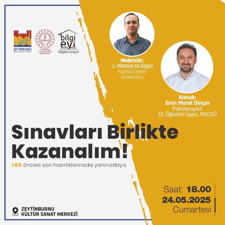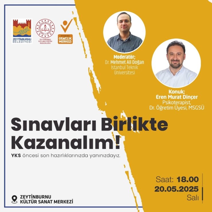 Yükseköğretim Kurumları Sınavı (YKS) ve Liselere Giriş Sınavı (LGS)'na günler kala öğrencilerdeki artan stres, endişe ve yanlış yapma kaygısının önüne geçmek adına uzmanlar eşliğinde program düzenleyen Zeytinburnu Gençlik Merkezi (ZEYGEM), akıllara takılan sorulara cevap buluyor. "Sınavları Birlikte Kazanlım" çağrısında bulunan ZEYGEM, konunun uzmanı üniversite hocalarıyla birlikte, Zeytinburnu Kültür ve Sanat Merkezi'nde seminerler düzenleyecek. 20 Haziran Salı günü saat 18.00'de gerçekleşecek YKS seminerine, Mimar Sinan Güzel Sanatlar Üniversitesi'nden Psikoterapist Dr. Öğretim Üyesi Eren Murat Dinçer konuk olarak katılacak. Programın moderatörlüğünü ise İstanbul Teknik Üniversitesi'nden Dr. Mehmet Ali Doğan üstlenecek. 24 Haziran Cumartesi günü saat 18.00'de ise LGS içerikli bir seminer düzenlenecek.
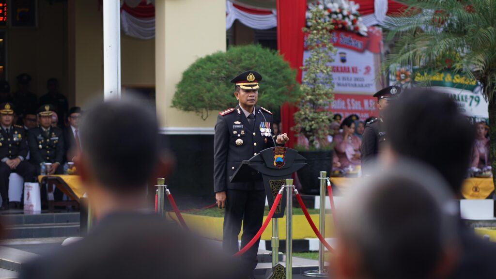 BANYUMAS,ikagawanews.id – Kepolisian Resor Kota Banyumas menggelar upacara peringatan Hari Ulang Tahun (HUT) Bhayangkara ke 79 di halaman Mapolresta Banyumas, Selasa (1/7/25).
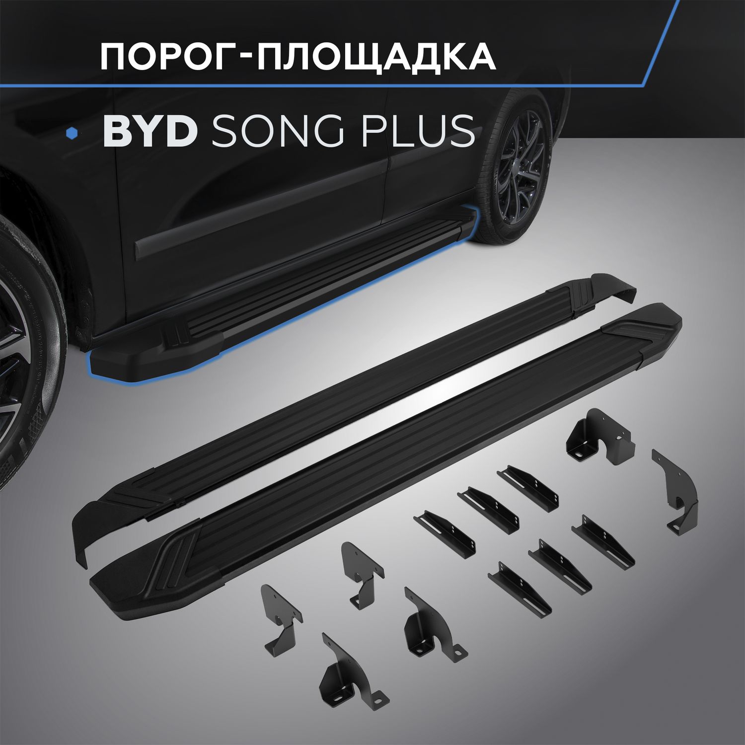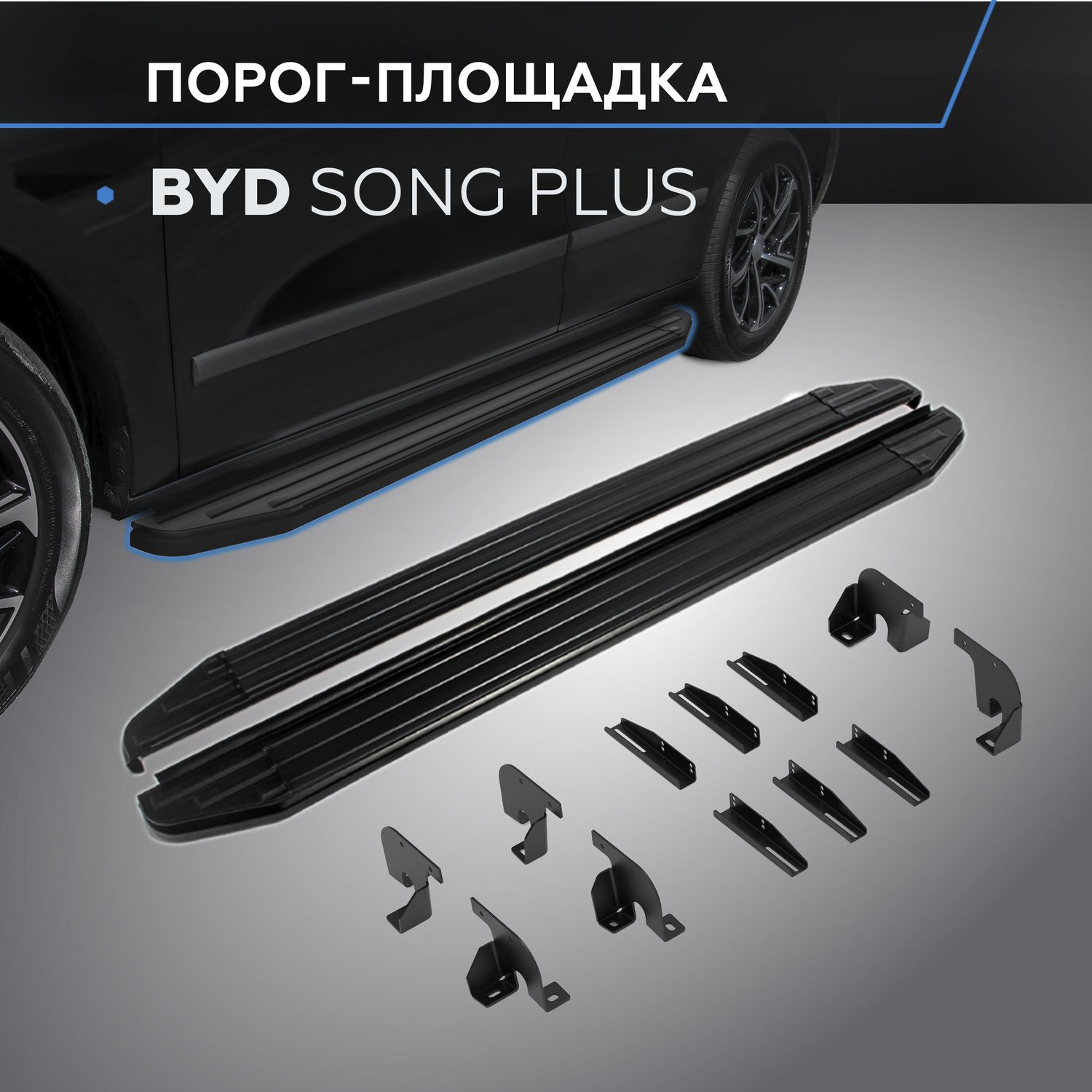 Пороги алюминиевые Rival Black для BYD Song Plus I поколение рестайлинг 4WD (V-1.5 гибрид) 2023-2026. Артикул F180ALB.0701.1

---

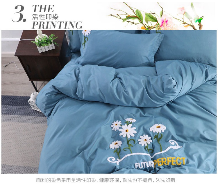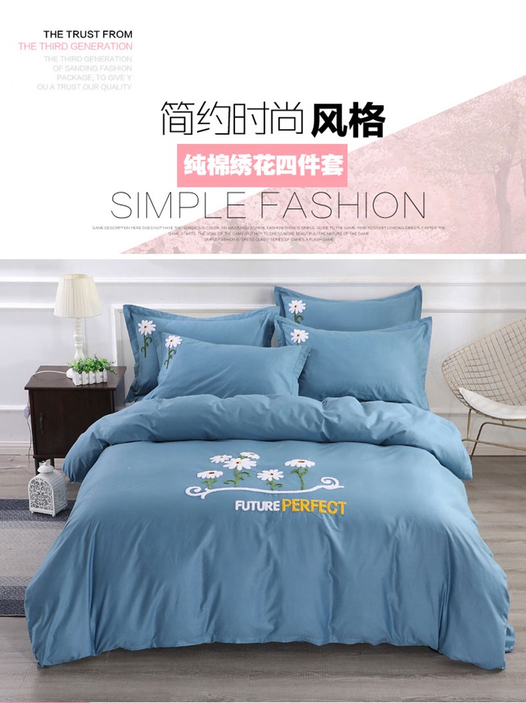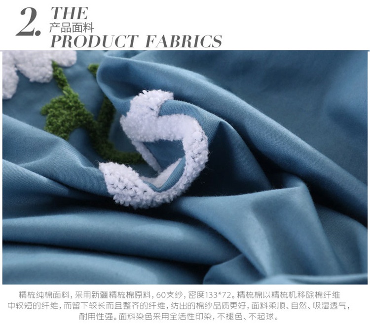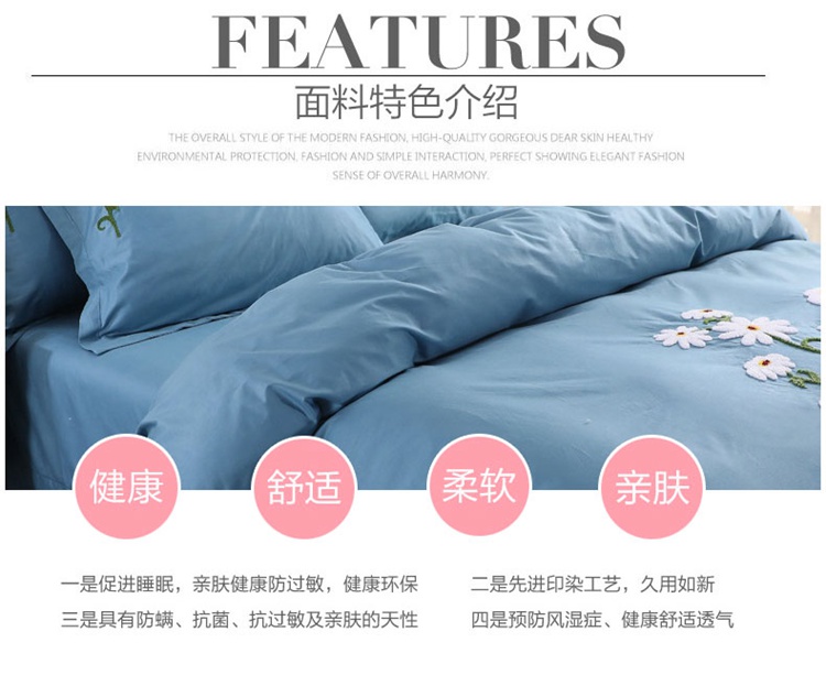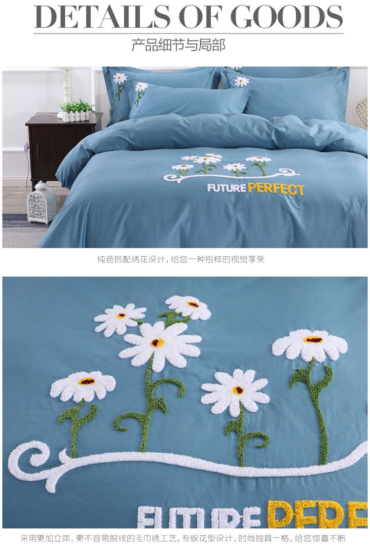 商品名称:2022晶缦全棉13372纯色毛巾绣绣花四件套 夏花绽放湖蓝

*Exercise prompt*. Every line above in the stretch from the one with "BANYUMAS,ikagawanews.id – Kepolisian" through the one with "Пороги алюминиевые Rival" is to be transcribed exactly, ends included. No picture is copied.

*Completed task*.
 BANYUMAS,ikagawanews.id – Kepolisian Resor Kota Banyumas menggelar upacara peringatan Hari Ulang Tahun (HUT) Bhayangkara ke 79 di halaman Mapolresta Banyumas, Selasa (1/7/25).
 Пороги алюминиевые Rival Black для BYD Song Plus I поколение рестайлинг 4WD (V-1.5 гибрид) 2023-2026. Артикул F180ALB.0701.1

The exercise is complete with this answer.